Post#106 » by Ron Swanson » Tue Jul 27, 2021 2:56 pm

LukaTheGOAT wrote:
Ron Swanson wrote:Why the hell are we using Team D-RTG and comparing from 20 years ago? (1st ranked defense this season was the 107.1 Lakers, in 2003 it was 94.1...). But this was always the predictable blowback from people who still put Garnett on a pedestal. Everything clearly in Giannis' favor at this point of their respective careers (nearly every pace adjusted box and advanced metric, awards/accolades, overall team success) ultimately gets refuted by the only two prime-KG, holy grail metrics (RAPM, on/off) that matter in this debate. Never mind that simple logic dictates that the worse your bench and supporting counterparts are, the better your "impact" numbers will naturally reflect.

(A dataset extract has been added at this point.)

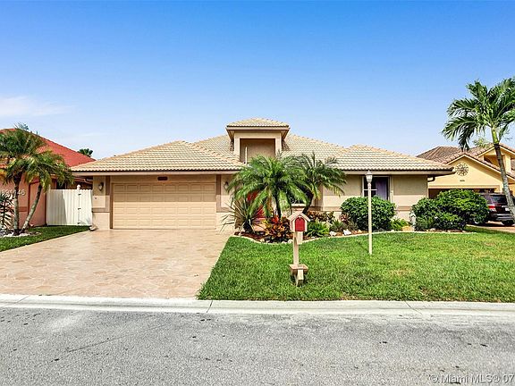 Listed but will not Last - I introduce you to this beautiful 3 Beds ; 2 Bath with solar heated pool home on the beautiful lake. This home features a living room, dining room, eat-in kitchen and relaxing screened in patio yard. The kitchen was renovated a few years ago with real wood cabinet doors and a customized sink. Large 2 car garage for storage or multiple vehicles. Split floor plan. 11x Ceiling fans. The Master bedroom features a huge walk-in closet. Standing Shower plus tub in the master bathroom. The barrel tile roof is 12 Years old. Receive 100% storm shutter insurance discount with the accordion to shutters all throughout. Walking distance to schools. Minutes away from Publix, Florida Turnpike, and Flamingo. So many features...Move-in today!
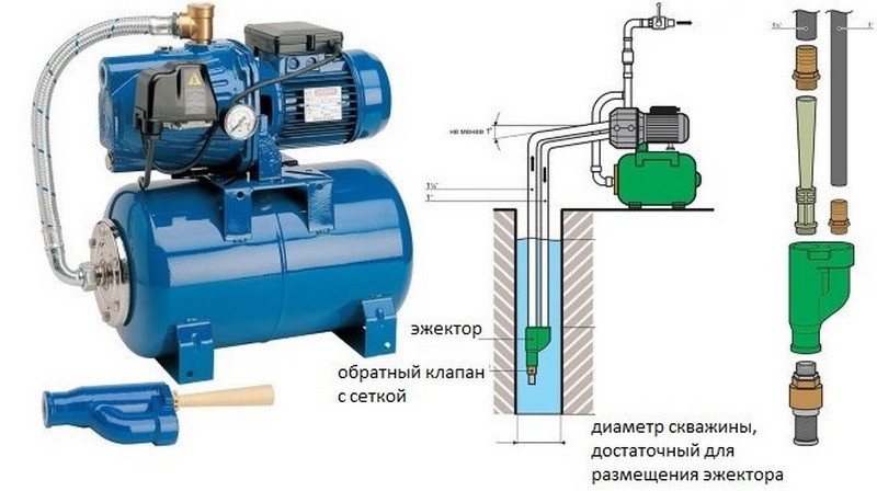 Parmi les stations de pompage, on distingue la station de surpression danoise "Grundfos MQ3-35" à contrôle automatique. La profondeur d'aspiration atteint 8 mètres, la pression est de 34 mètres et le débit est de 3,9 mètres cubes par heure. La station est équipée d'une pompe auto-amorçante, d'un moteur électrique et d'un accumulateur hydraulique.

Someone nailed it earlier in this thread, but Minnesota KG is constantly viewed as one of the best defensive anchors post-Russell, despite there being only sparse, circumstantial evidence (literally only two Top-10 and zero Top-5 defenses in 12 seasons) entirely reliant on sometimes noisy, isolated on-off/RPM data. We then use Boston KG as a form of confirmation bias ("See, KG was always an ATG defensive anchor), but yet we overlook the incredibly good supporting pieces (Thibodeau, Rondo, Pierce, Posey, Perkins, etc.) that helped achieved those results and penalize Giannis for having too good of a supporting cast, despite the fact that Giannis has anchored defenses (2018-20) at a comparable rate (+7.4 and +5.2 better than league average) as KG did even on those stacked Boston teams (+8.5 and +6). I'll reiterate that I won't argue with anyone saying they give the small but clear edge defensively to KG, but sorry, the offensive gap at this point is too massive when their defense is at least an honest debate and comparable. People can talk about "recency bias" all they want, but history will eventually reach the consensus that this past 3-year stretch by Giannis is one of the most un-impeachable multi-year peaks a superstar has ever had, and guys like KG just don't belong in that tier.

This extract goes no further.